### Exercise
Copy all entries verbatim and keep any pictures out of the copy.

(Data excerpts)
* * * * * * * * *

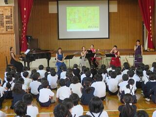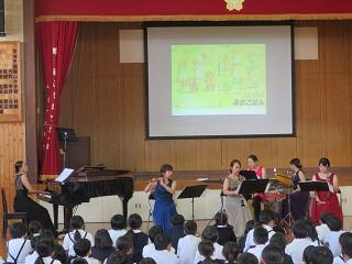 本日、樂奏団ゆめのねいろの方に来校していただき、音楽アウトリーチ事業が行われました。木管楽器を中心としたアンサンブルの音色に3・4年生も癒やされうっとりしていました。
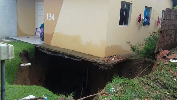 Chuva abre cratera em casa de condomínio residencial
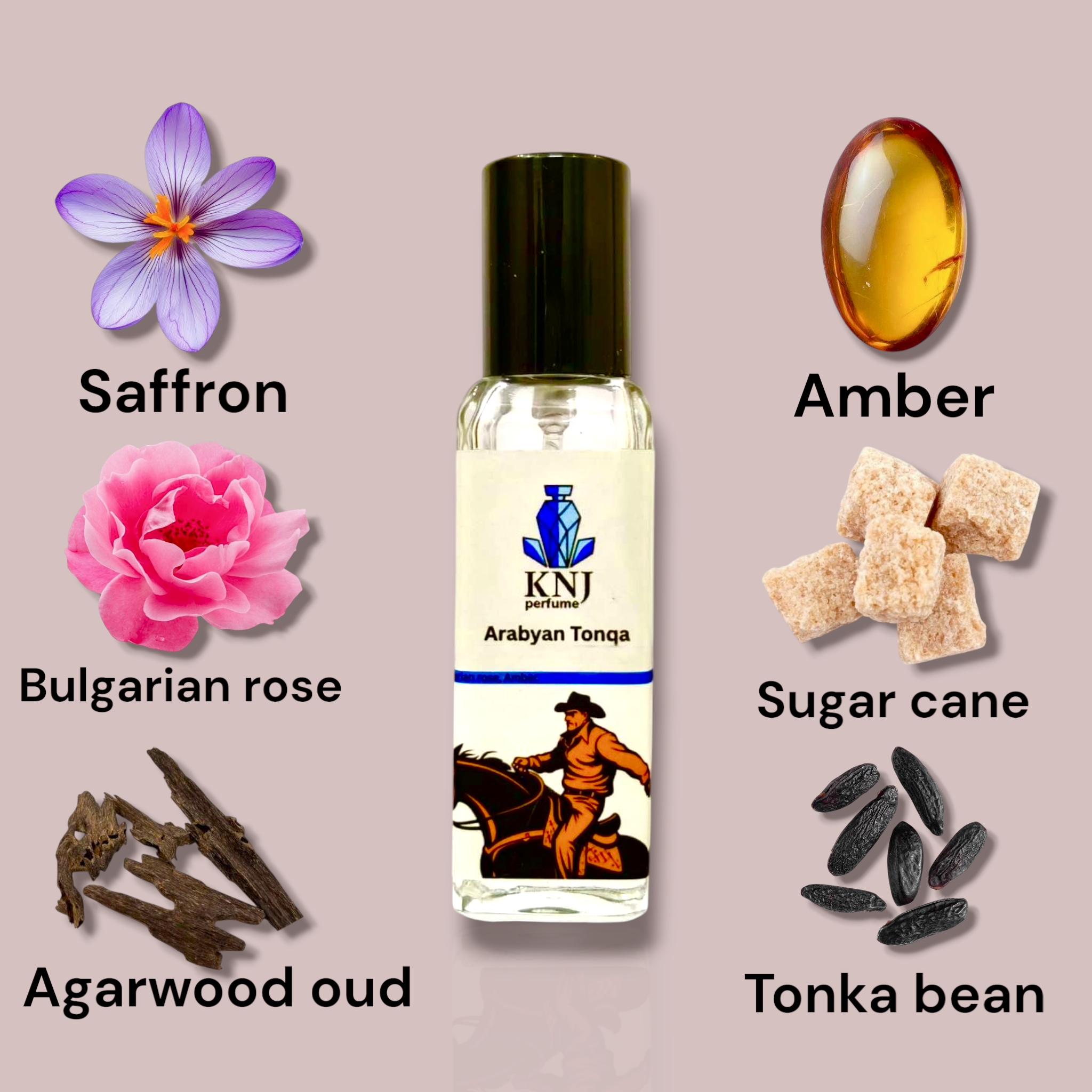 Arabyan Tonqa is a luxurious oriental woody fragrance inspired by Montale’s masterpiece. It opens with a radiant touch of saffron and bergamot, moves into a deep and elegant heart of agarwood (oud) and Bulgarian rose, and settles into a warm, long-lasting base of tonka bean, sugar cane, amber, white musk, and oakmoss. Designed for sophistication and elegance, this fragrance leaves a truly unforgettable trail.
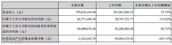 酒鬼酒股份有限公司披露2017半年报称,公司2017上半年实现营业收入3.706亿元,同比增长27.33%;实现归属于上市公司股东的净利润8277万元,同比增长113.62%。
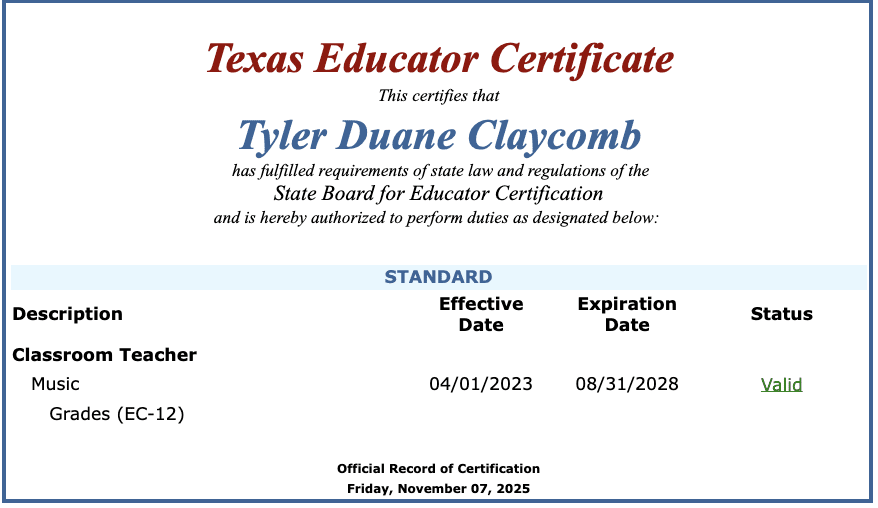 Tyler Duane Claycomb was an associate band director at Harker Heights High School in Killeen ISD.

* * * * * * * * *

### Response box
 本日、樂奏団ゆめのねいろの方に来校していただき、音楽アウトリーチ事業が行われました。木管楽器を中心としたアンサンブルの音色に3・4年生も癒やされうっとりしていました。
 Chuva abre cratera em casa de condomínio residencial
 Arabyan Tonqa is a luxurious oriental woody fragrance inspired by Montale’s masterpiece. It opens with a radiant touch of saffron and bergamot, moves into a deep and elegant heart of agarwood (oud) and Bulgarian rose, and settles into a warm, long-lasting base of tonka bean, sugar cane, amber, white musk, and oakmoss. Designed for sophistication and elegance, this fragrance leaves a truly unforgettable trail.
 酒鬼酒股份有限公司披露2017半年报称,公司2017上半年实现营业收入3.706亿元,同比增长27.33%;实现归属于上市公司股东的净利润8277万元,同比增长113.62%。
 Tyler Duane Claycomb was an associate band director at Harker Heights High School in Killeen ISD.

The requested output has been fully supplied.